I’m not sure if recognizing his symptoms earlier and being given the label of Alzheimer’s would have made much difference in my father’s care, given where we are, or more accurately where we are not, with treatment options. I do believe, however, that early diagnosis can encourage some families to spend more time with loved ones now before it gets too late.
Reading books, newspapers, and magazines, doing crossword puzzles and games like Sudoku, watching educational television shows, and participating in hobbies may all help keep your brain as sharp as possible. These strategies have not been proven to prevent or delay the onset of dementia, but they are likely to help keep older minds sharp.
You probably have seen various supplements and vitamins being promoted to improve memory and prevent Alzheimer’s. We just don’t have any good information to suggest that they do; some supplements and vitamins have other beneficial health effects, but don’t take or buy one simply to improve memory.
Finally, manage any medical conditions such as high blood pressure, heart disease, and diabetes, which can increase your risk of stroke and cause memory loss and brain problems.
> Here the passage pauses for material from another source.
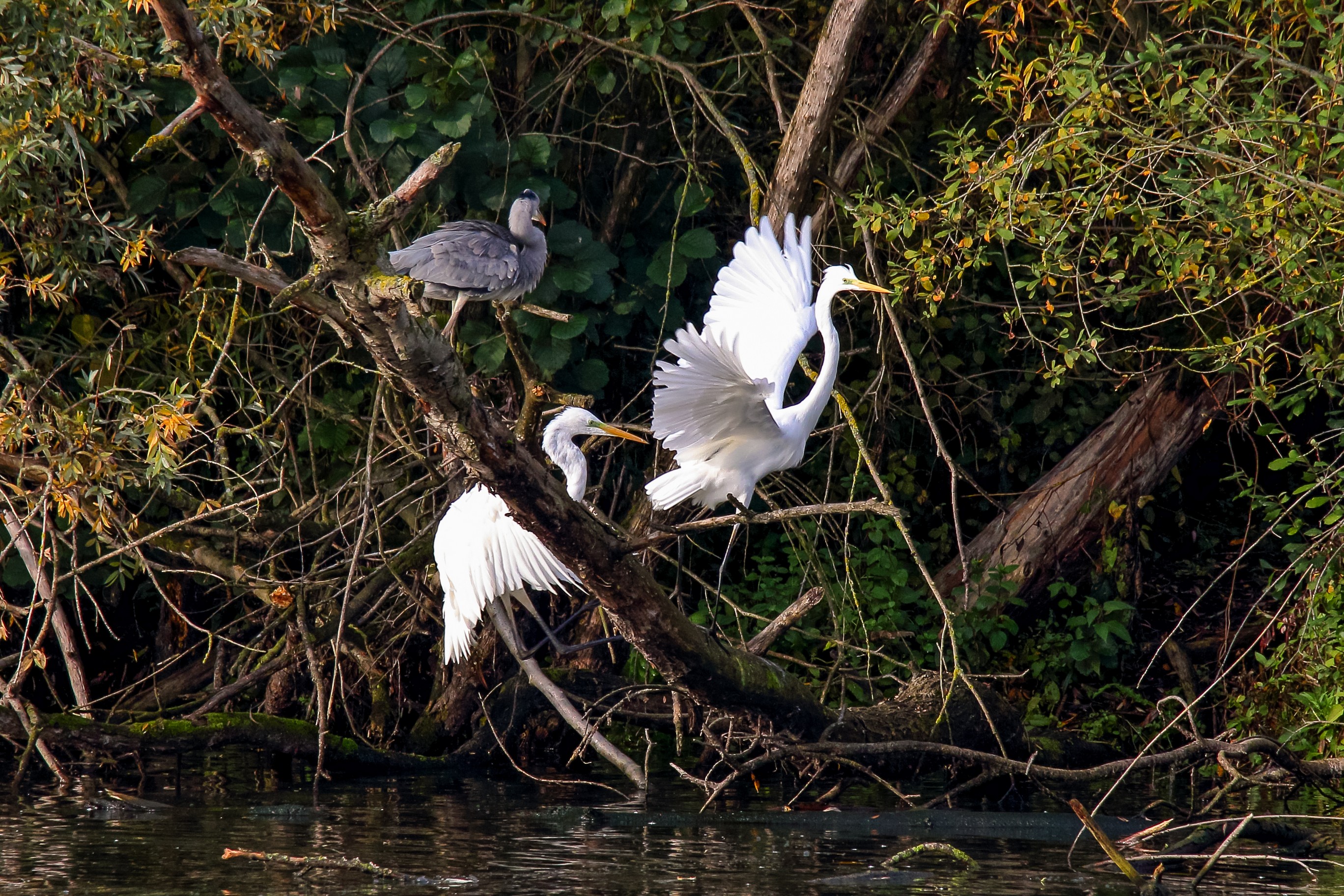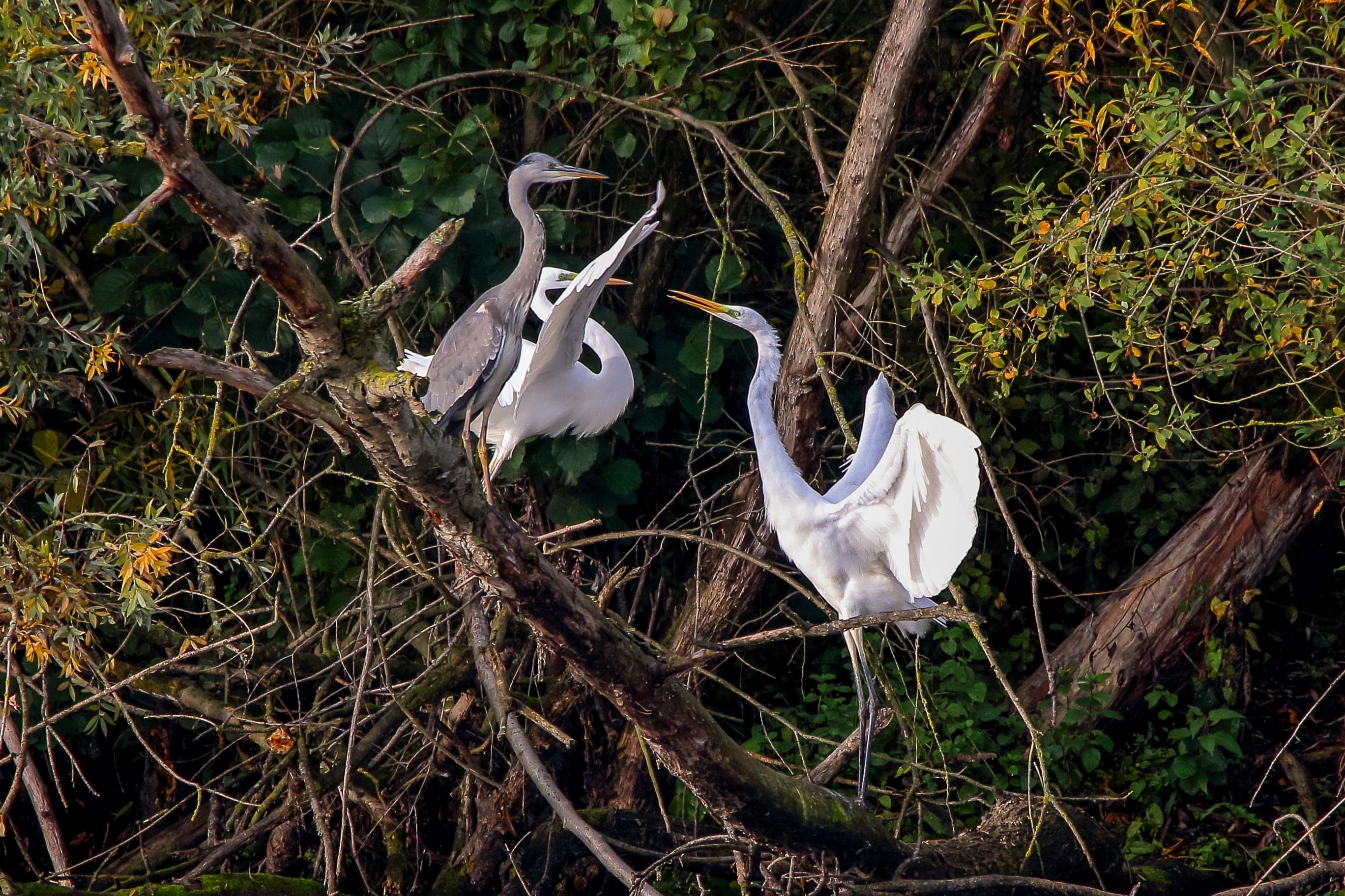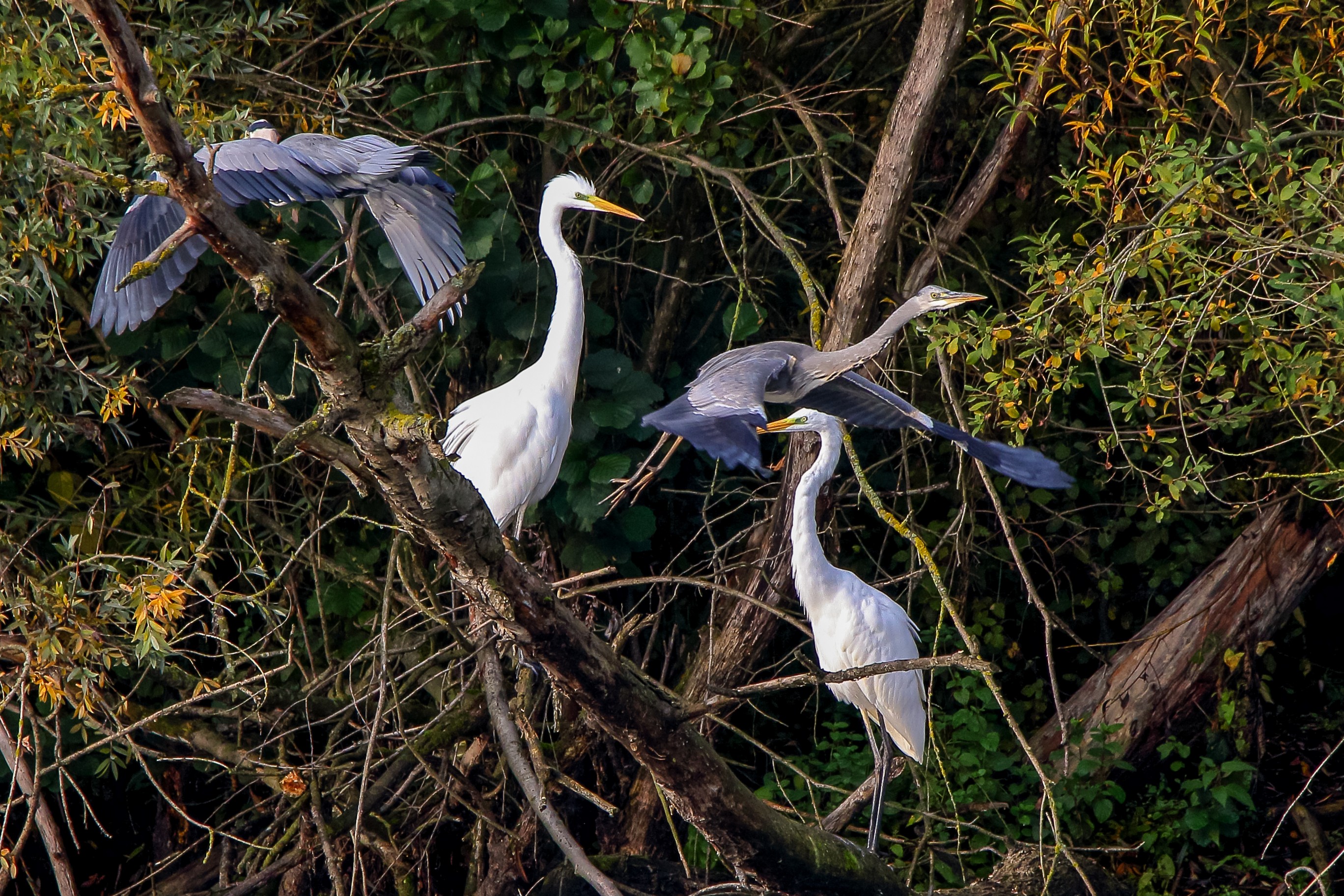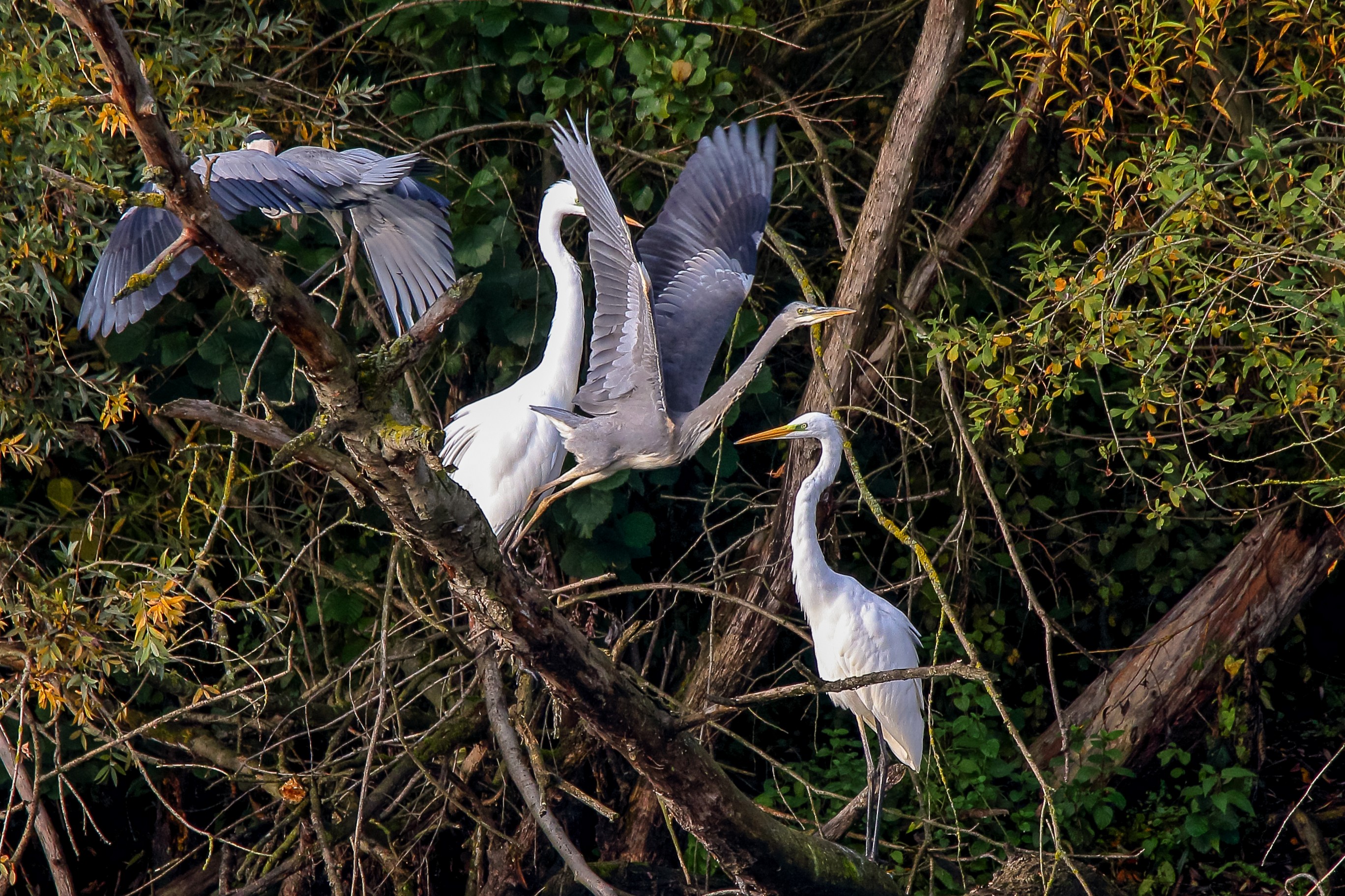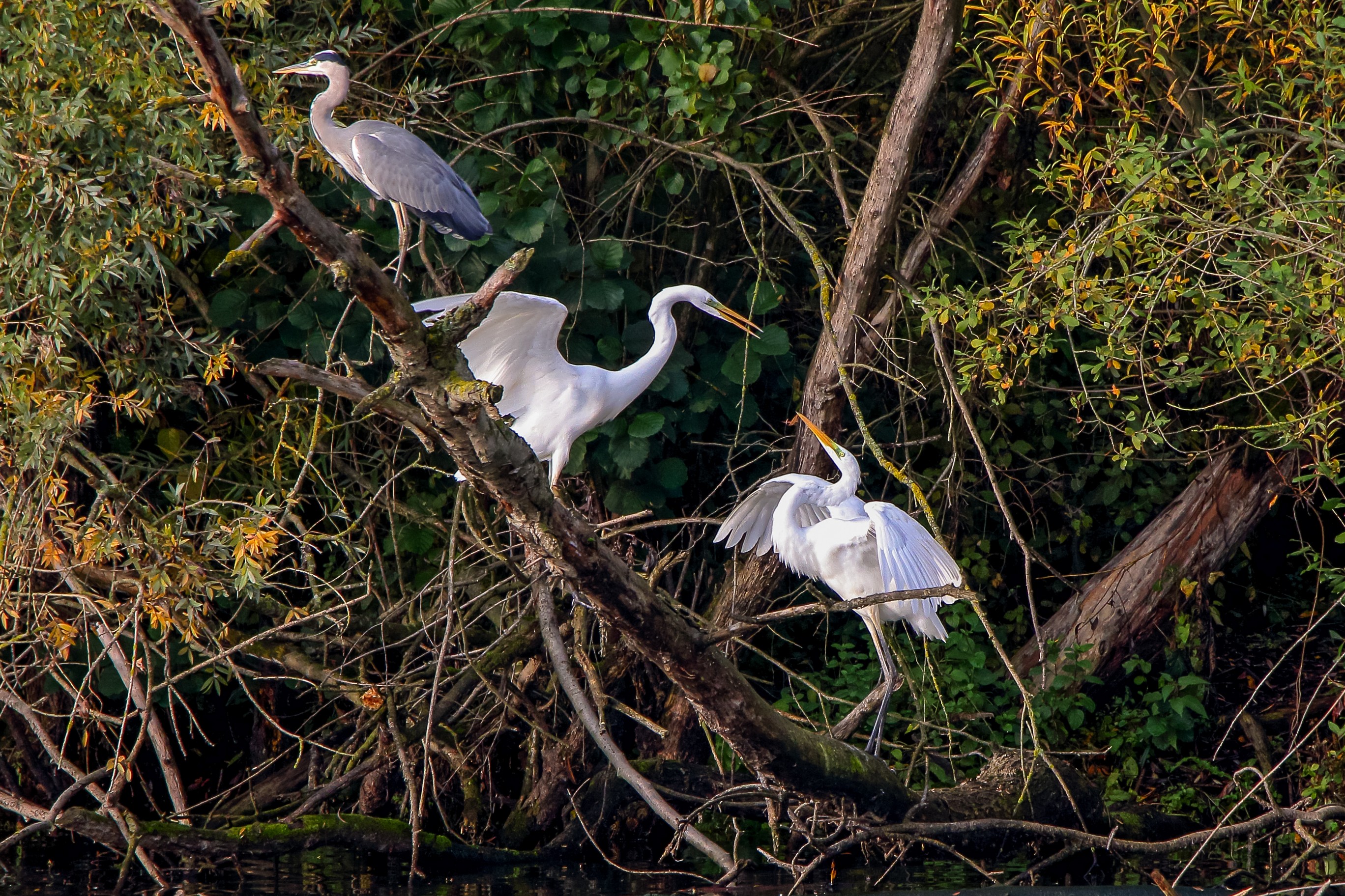 Silberreiher streiten sich um den besten Platz beim Kormoranfischen

There are currently some genetic tests that can tell you if you’re at risk genetically to develop Alzheimer’s. But it’s important to remember that genetics is just one component of your risk of developing Alzheimer’s. Even if you are at risk, it does not mean you will develop it. In addition, we currently do not have any truly effective therapies to delay or cure Alzheimer’s. So when patients ask me if they should have a genetic test, I ask them, “What would you do with the information?” That answer is intensely personal: Every person has to decide for him or herself how to live and plan for the rest of their life.
I would be remiss if I did not mention the role of caregivers in a chapter that discusses Alzheimer’s. Many of you reading this book are or have been a caregiver for an elderly parent at some point. Nearly one out of every four households provides care to a relative age 50 or older. What is particularly impressive is that the average age of a primary caregiver is 60 years old—and as you’d suspect, nearly 75 percent of them are women. (I always tell couples planning to have a baby that one of the major factors in not being admitted to a nursing home is having a daughter.)
I really consider these caregivers to be heroes. It is an enormously challenging job. Caregivers often experience a sense of burden, and some researchers estimate that nearly 50 percent are depressed. Many are sleep deprived and exhausted. I’ve seen the physical and emotional toll it can take on numerous family members and friends. Given their age, the lack of sleep often exacerbates their own health problems. They really are the “hidden patient,” and we need to do a better job of focusing on their care as well.